In Case C-18/18, Eva Glawischnig-Piesczek v Facebook, the Austrian Supreme Court has referred a ‘hate speech’ case to Luxembourg – hearing will be tomorrow, 12 February. The Case revolves around Article 15 of the E-Commerce Directive: one sentence Twitter summary comes courtesy of Tito Rendas: does Article 15 prohibit the imposition on a hosting provider (Facebook, in this case) of an obligation to remove not only notified illegal content, but also identical and similar content, at a national or worldwide level?
Mirko Brüß has more extensive analysis here. I used the case in my class with American University (my students will be at the hearing tomorrow), to illustrate the relationship between secondary and primary law, but also the art in reading EU secondary law (here: A15 which limits what can be imposed upon a provider; and the recitals of the Directive which seem to leave more leeway to the Member States; particularly in the light of the scant harmonisation of tort law in the EU).

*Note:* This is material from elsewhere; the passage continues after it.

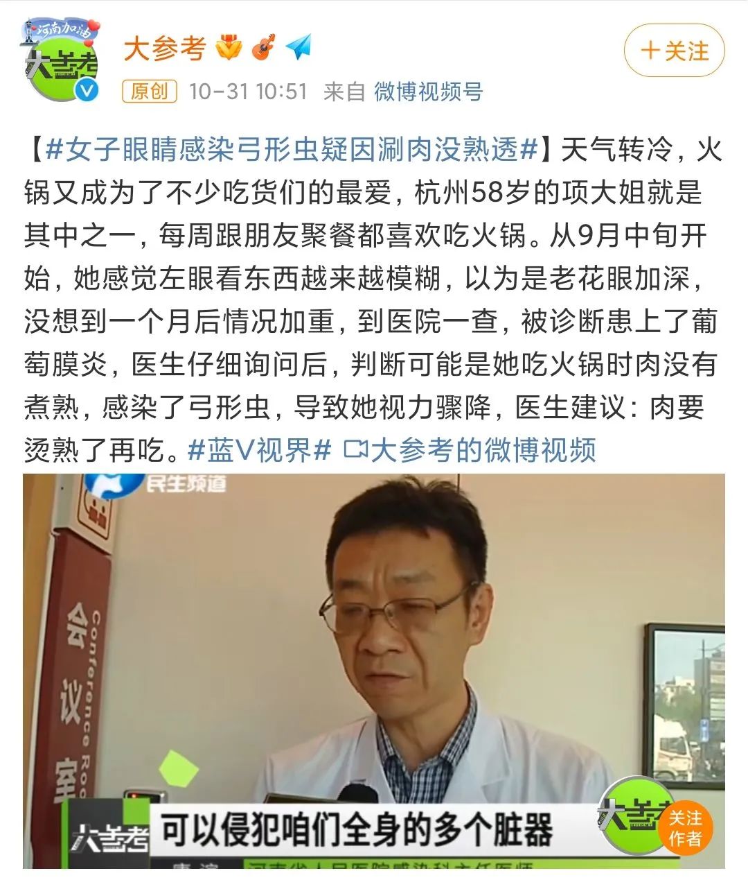 在涮肉时为了贪那一口“嫰”,不少人把肉“烫”一下就入口,并没有完全熟透的食物,给了寄生虫钻空子的机会。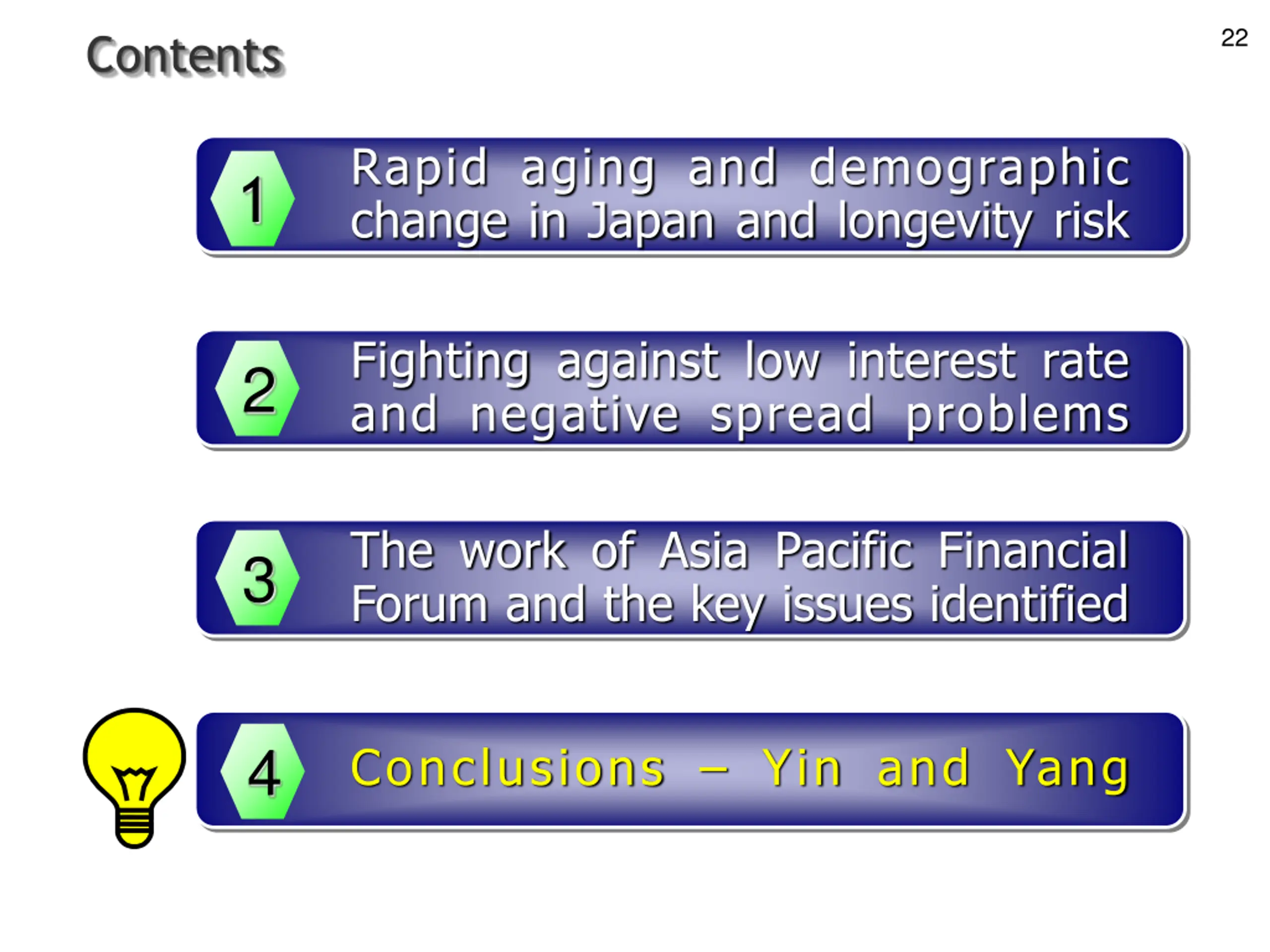 22 Contents Rapid aging and demographic change in Japan and longevity risk 1 Fighting against low interest rate and negative spread problems 2 The work of Asia Pacific Financial Forum and the key issues identified 3 4 Conclusions Yin and Yang

To readers of the blog the case is probably more relevant in light of the questions on territorial scope: if a duty to remove may be imposed, how wide may the order reach? It is in this respect that the case is reminiscent of the Google etc. cases.
Yet another one to look out for.
Geert.
(Handbook of) EU Private International Law, 2nd ed. 2016, Chapter 2, Heading 2.2.8.2, Heading 2.2.8.2.5.